WORK INSTRUCTIONS →
Retype exactly what appears below from the line containing "Junto al arreglo" down to the line containing "細佬b一歲正日生日訂哩款木馬蛋糕 主要係因為佢個Merry go", keeping both end lines. Do not include pictures.

###

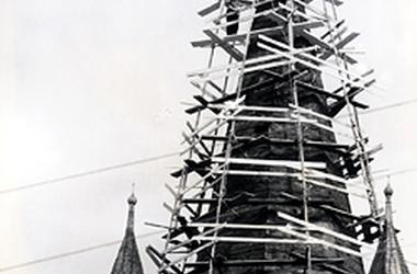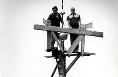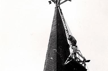 Letzte Baustelle von Altmeister Eugen Ansperger am Kirchturm in Viernau
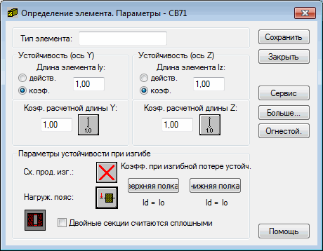 определение типа бокового выпучивания, определение положения нагрузки и определение коэффициента приведенной длины. Все эти опции могут быть выбраны в поле Параметры бокового выпучивания. Нажатие соответствующей иконки приводит к открытию диалогового окна, в котором можно определить соответствующие параметры.
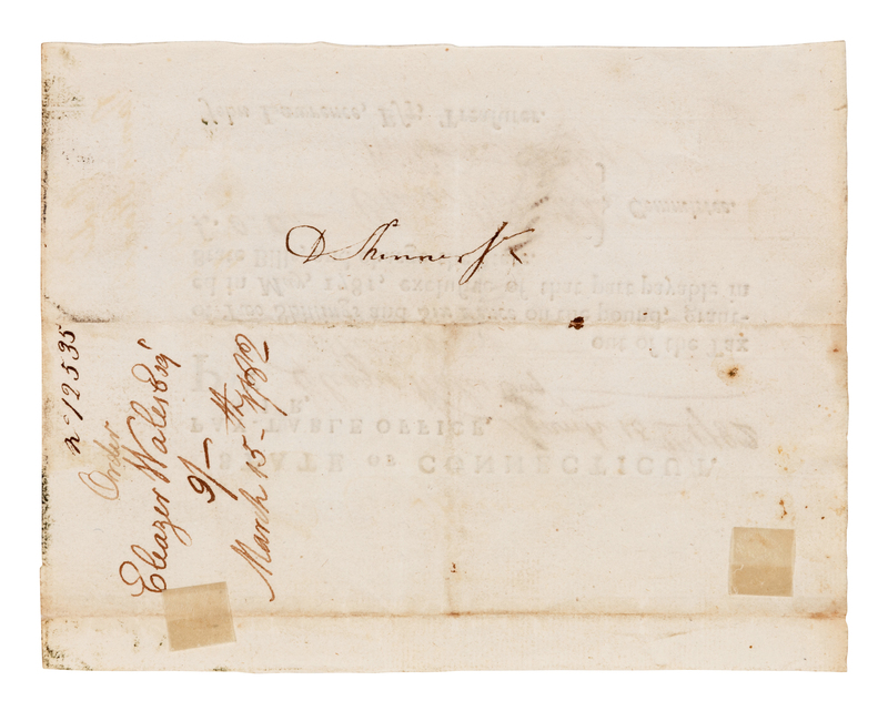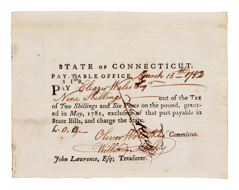 1 page, oblong 8vo, countersigned over Wolcott's signature, docketed verso, creased. Granting payment of nine shillings to Eliazer Wales.
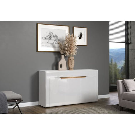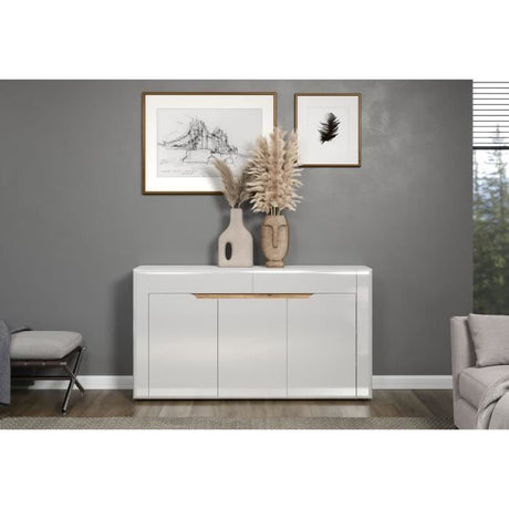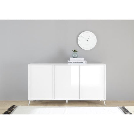 Buffet BASICO - Décor blanc laqué brillant - 3 Portes - L160 x P42 x H85,8 cm
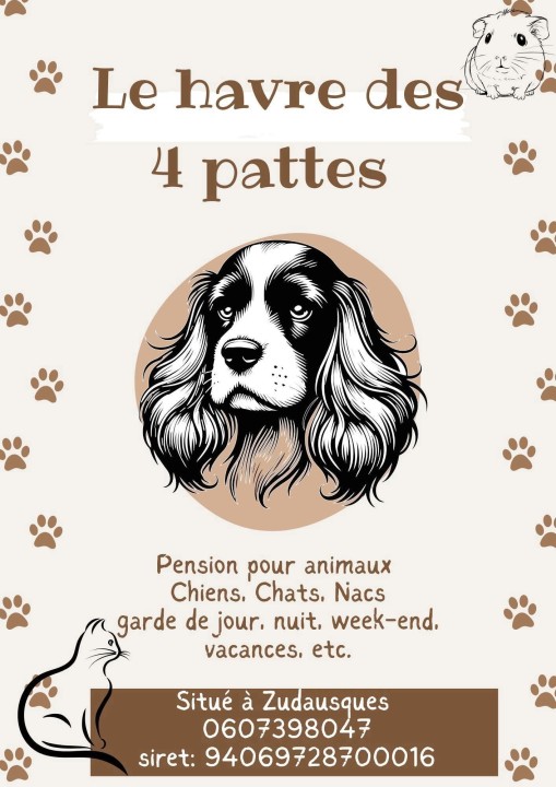 Le Havre des 4 Pattes est une pension animalière située sur la commune de Zudausques, accueillant chiens, chats et petits animaux.
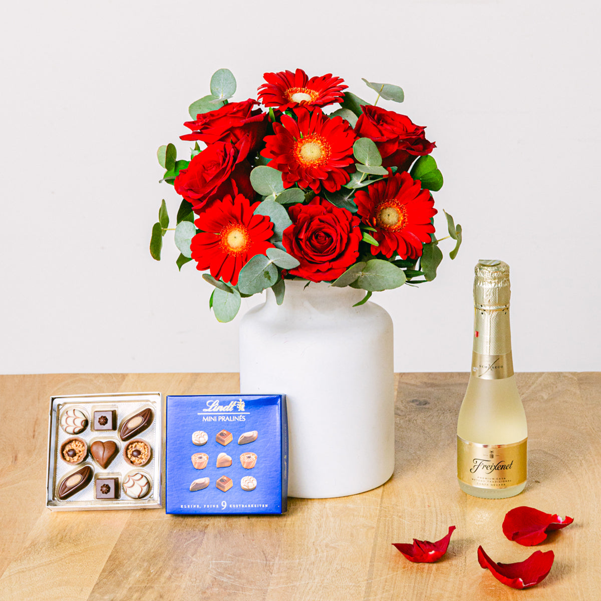 Junto al arreglo floral hay una botella de cava Freixenet de primera calidad. Conocido por su calidad distintiva, este vino espumoso ofrece un sabor fresco y refrescante, lo que lo hace ideal para celebraciones grandes y pequeñas. Combinado con una copa, proporciona momentos de alegría y festividad compartida. Añadiendo un toque de indulgencia, el set de regalo incluye una selección de Mini Pralinés Lindt. Estos chocolates gourmet, elaborados por maestros chocolateros, presentan una variedad de deliciosos sabores y texturas, con cada bocado ofreciendo un sabor de lujo. Este conjunto completo está cuidadosamente curado para aportar alegría y sofisticación a cumpleaños, aniversarios o cualquier momento especial que valga la pena celebrar. Comparte este regalo de alta calidad con tus seres queridos y crea recuerdos inolvidables.
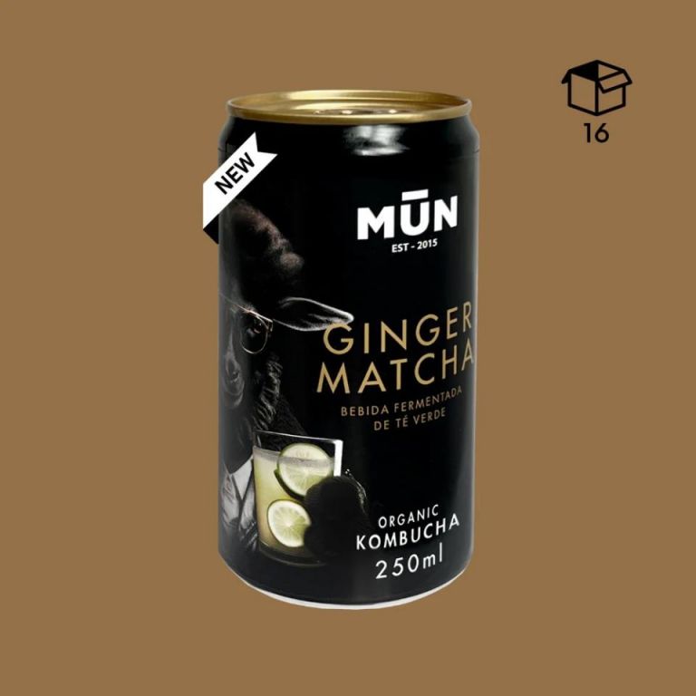 Radikal GINGER MATCHA con jengibre, té matcha, mate, hierbalimón, zumo de limón y una chispa de infusión de hojas de estevia. Si te van las kombuchas ácidas y con potencia, no lo dudeeeeees ni un segundo.Ingredientes: Agua, azúcar de caña*, jengibre* (0,30%), zumo de limón* (0,20%), hierba limón*, mate* (0,20%), té verde* (0,09%), infusión de hojas de Stevia rebaudiana Bertoni*, té matcha* (0,04%),aroma natural de limón y cultivo de kombucha.(*) Producción ecológica
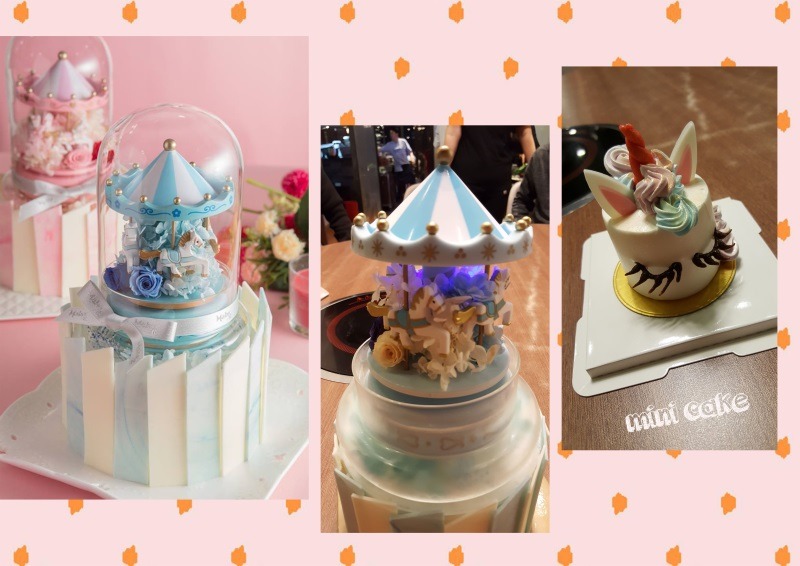 細佬b一歲正日生日訂哩款木馬蛋糕 主要係因為佢個Merry go round音樂盒配上保鮮花
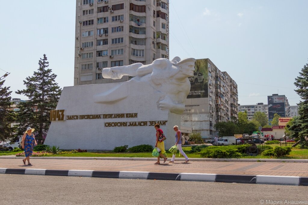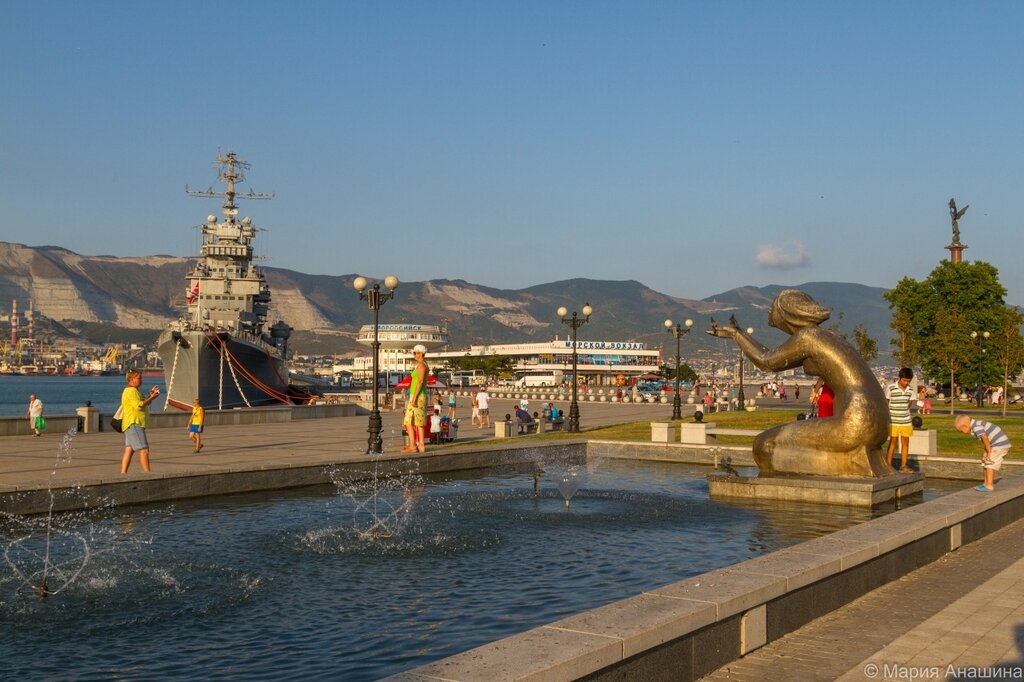 Еще когда мы ехали из Анапы в Геленджик, мне очень понравился Новороссийск. И, естественно, мы туда поехали на машине, причем дважды. Единственное, что омрачало поездки — очень жаркая погода. Поэтому комфортнее было смотреть на город из машины с кондиционером, а не ходить по нему ногами. Тем не менее, мы посмотрели немало: совершили морскую прогулку по Цемесской бухте, побывали на крейсере «Михаил Кутузов», съездили на Малую Землю, увидели памятник морякам Революции.
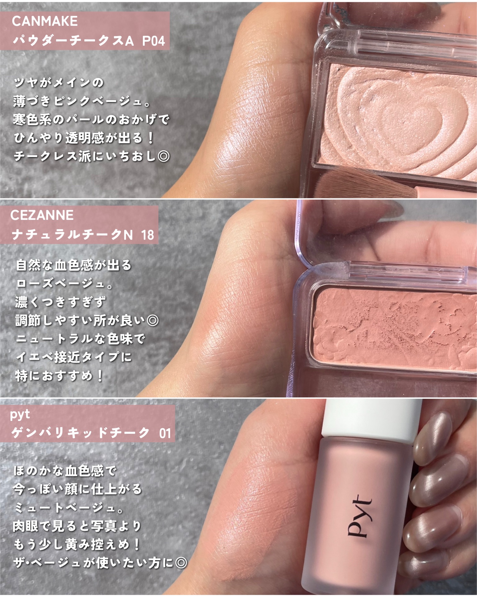 粉質がすごく良くなって、しっとり感とツヤ感が強くなりました! 04が個人的大ヒットで🥹💯 他のチークと混ぜて使うと、ツヤっぽくほわーっとした色付きになって最高! チーク要らない派の方に是非試してみて欲しいカラーです🫶🏻
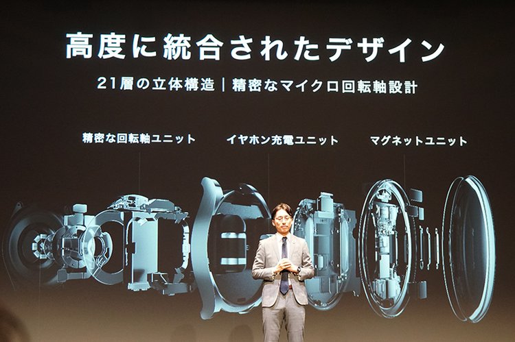 スマートウォッチとイヤホンの機能を維持しながらも、21層にわたる高度な立体構造を採用し、細部を小さくすることに成功したとのこと。また、文字盤にはWATCH Buds専用のものを用意し、イヤホンのバッテリー残量も一目で確認できるデザインになっている。
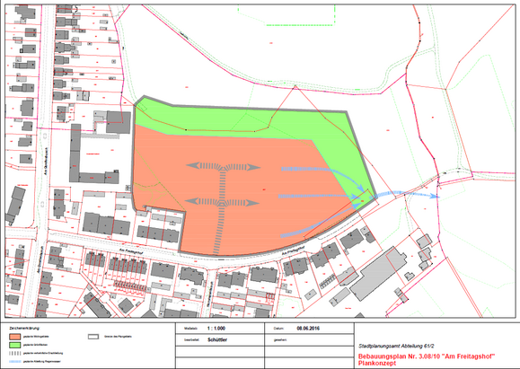 Bis zu 110 Wohneinheiten werden auf der bis jetzt landwirtschaftlichen grünen Wiese am Fuße der Sackgasse Am Freitagshof geplant. Seit Jahren schon im Flächen-nutzungsplan als Wohnbebauung ausgewiesen könnte man meinen, dass die Bebauung zu erwarten war.
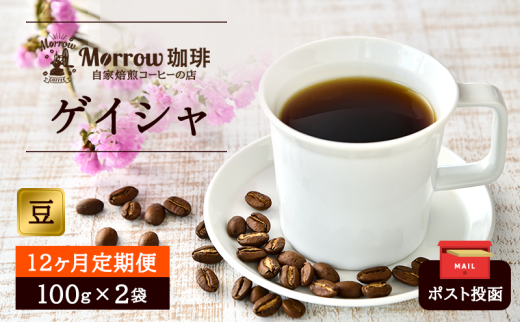 コーヒー豆 定期便 12ヶ月 Morrow珈琲 ゲイシャ 200g (100g×2) レギュラーコーヒー 珈琲 コーヒー 珈琲豆 ドリップコーヒー ドリップ 自家焙煎珈琲 自家焙煎コーヒー 12回 1年 お楽しみ 福岡 福岡県 小郡市
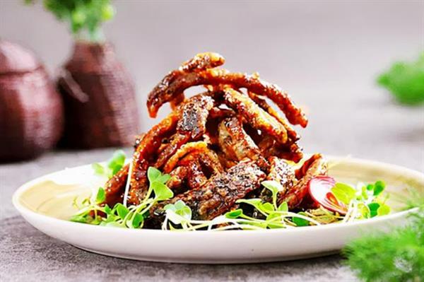 这道菜在江苏当地是非常有名的,传统菜是需要把鳝鱼切成丝经过油炸而成,吃起来口感松脆味道,有些酸甜。
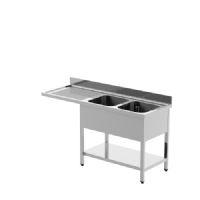 Typology : sur pieds avec étagère inférieure Dimensions (mm) : 1800x700x850 mm Plan de travail en acier avec dosseret de 40 mm d'épaisseur Dosseret h 100 mm Avec panneau de couverture de la cuve
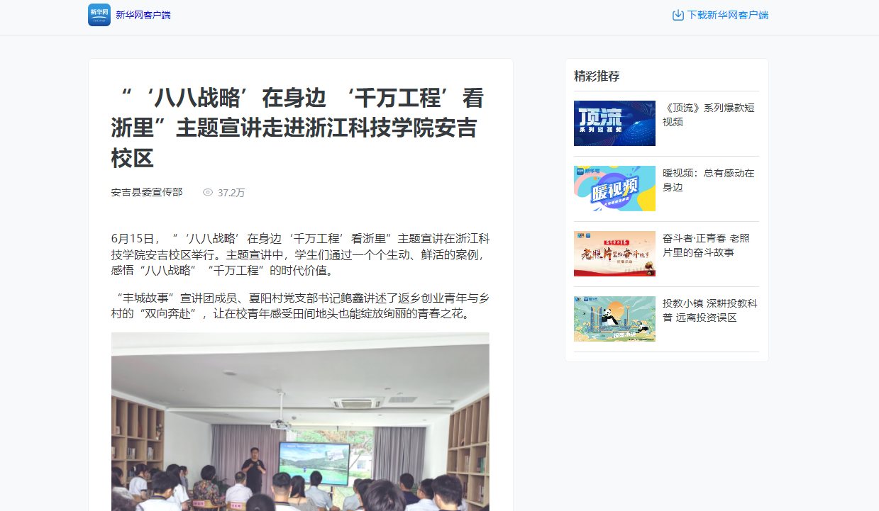 新华网客户端:“‘八八战略’在身边 ‘千万工程’看浙里”主题宣讲走进浙江科技学院安吉校区
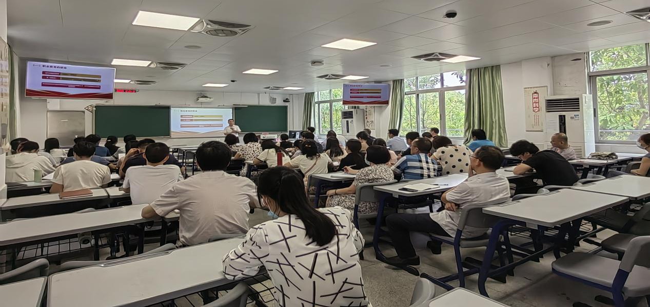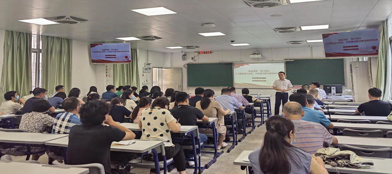 为深入学习贯彻习近平新时代中国特色社会主义思想,推进主题教育“学思想、强党性、重实践、建新功”总要求在基层走深走实,6月1日下午,副校长张志以《砥砺深耕、笃行致远,以主题教育为契机,持续推动职业教育教师发展》为题,为人力资源部党支部、教务部党支部、图书馆党支部、信息与现代教育技术中心党支部、实训中心党支部以及外语商务学院党总支全体教师党员讲授专题党课。
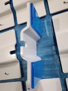 耐震マット(青い箇所)をすべて同じ位置に貼るために治具も製作いたしました。
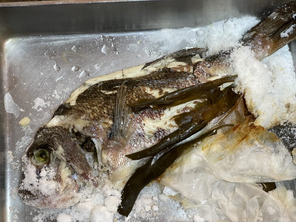 本番用の大きなバットをもってきて、まず、真鯛の大きさくらいに塩を伸ばします。その上にお腹に明日葉を詰め、昆布とクッキングペーパーでくるんだ真鯛(レシピ通り)を置き、塩で隙間なく包んでいきます。鯛の身に直接、塩がふれてしまうと、しょっぱくなって台無しになる危険性があるので、慎重にやっていきます。それにしても、この懐かしい感じ・・お砂場遊びそのものです。
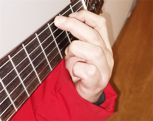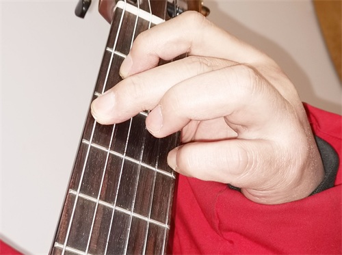 上图2左中食指按住五弦二品,中指按住六弦三品,小指按住一弦三品。
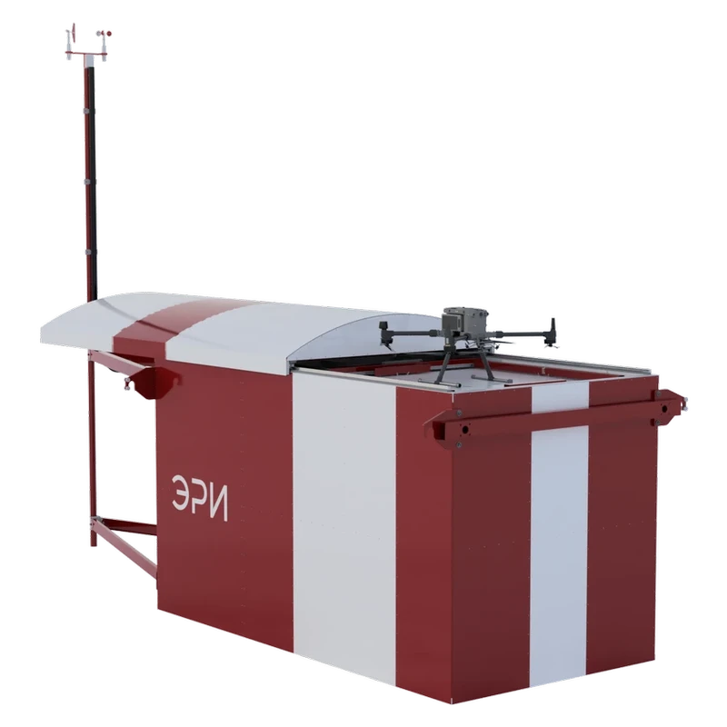 Дронопорт ЭРИ М300 - это полностью автономная, предназначенная для всепогодной эксплуатации, станция для зарядки дрона, работающая в режиме 24/7. Оснащена роботом для замены батарей БПЛА, встроенной метеостанцией и системой видеонаблюдения. Применяется с промышленными БПЛА взлётной массой до 10 кг, например, DJI Matrice 300 RTK или ГЕОСКАН 401.
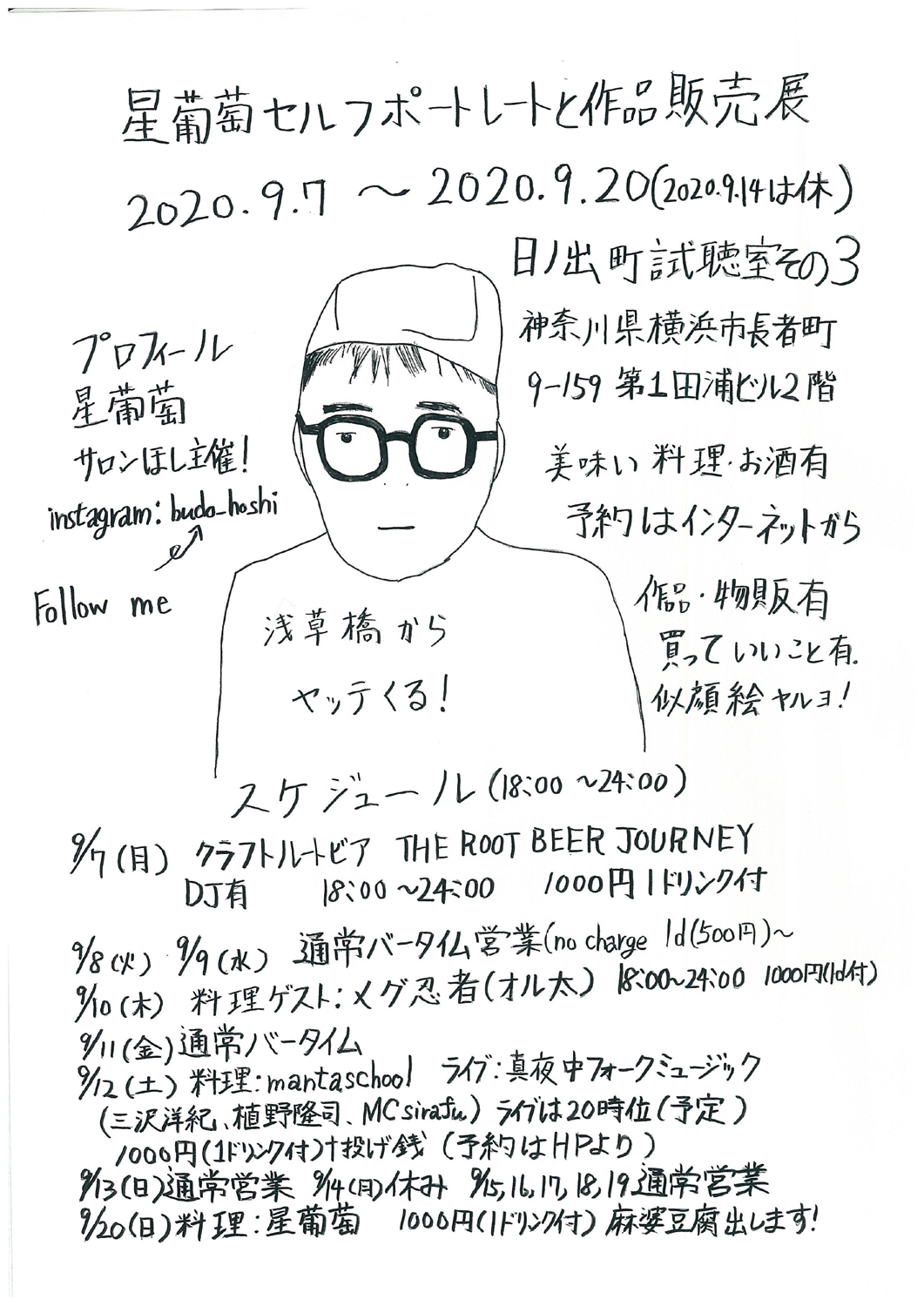 東京・浅草橋のメディア・サロン「サロンほし」(旧・浅草橋天才算数塾)を主宰し、2018年刊行の『おかお みせて』(福音館書店)が好評の絵本作家としても活動する美術家 / オーガナイザー・星 葡萄(fka DJぷりぷり~セクシーキラー)が、ソロ・エキシビション「星葡萄セルフポートレートと作品販売展」を9月7日(月)から20日(日)にかけて神奈川・横浜 日ノ出町 試聴室その3にて開催。

###

TASK RESULT →
 Junto al arreglo floral hay una botella de cava Freixenet de primera calidad. Conocido por su calidad distintiva, este vino espumoso ofrece un sabor fresco y refrescante, lo que lo hace ideal para celebraciones grandes y pequeñas. Combinado con una copa, proporciona momentos de alegría y festividad compartida. Añadiendo un toque de indulgencia, el set de regalo incluye una selección de Mini Pralinés Lindt. Estos chocolates gourmet, elaborados por maestros chocolateros, presentan una variedad de deliciosos sabores y texturas, con cada bocado ofreciendo un sabor de lujo. Este conjunto completo está cuidadosamente curado para aportar alegría y sofisticación a cumpleaños, aniversarios o cualquier momento especial que valga la pena celebrar. Comparte este regalo de alta calidad con tus seres queridos y crea recuerdos inolvidables.
 Radikal GINGER MATCHA con jengibre, té matcha, mate, hierbalimón, zumo de limón y una chispa de infusión de hojas de estevia. Si te van las kombuchas ácidas y con potencia, no lo dudeeeeees ni un segundo.Ingredientes: Agua, azúcar de caña*, jengibre* (0,30%), zumo de limón* (0,20%), hierba limón*, mate* (0,20%), té verde* (0,09%), infusión de hojas de Stevia rebaudiana Bertoni*, té matcha* (0,04%),aroma natural de limón y cultivo de kombucha.(*) Producción ecológica
 細佬b一歲正日生日訂哩款木馬蛋糕 主要係因為佢個Merry go round音樂盒配上保鮮花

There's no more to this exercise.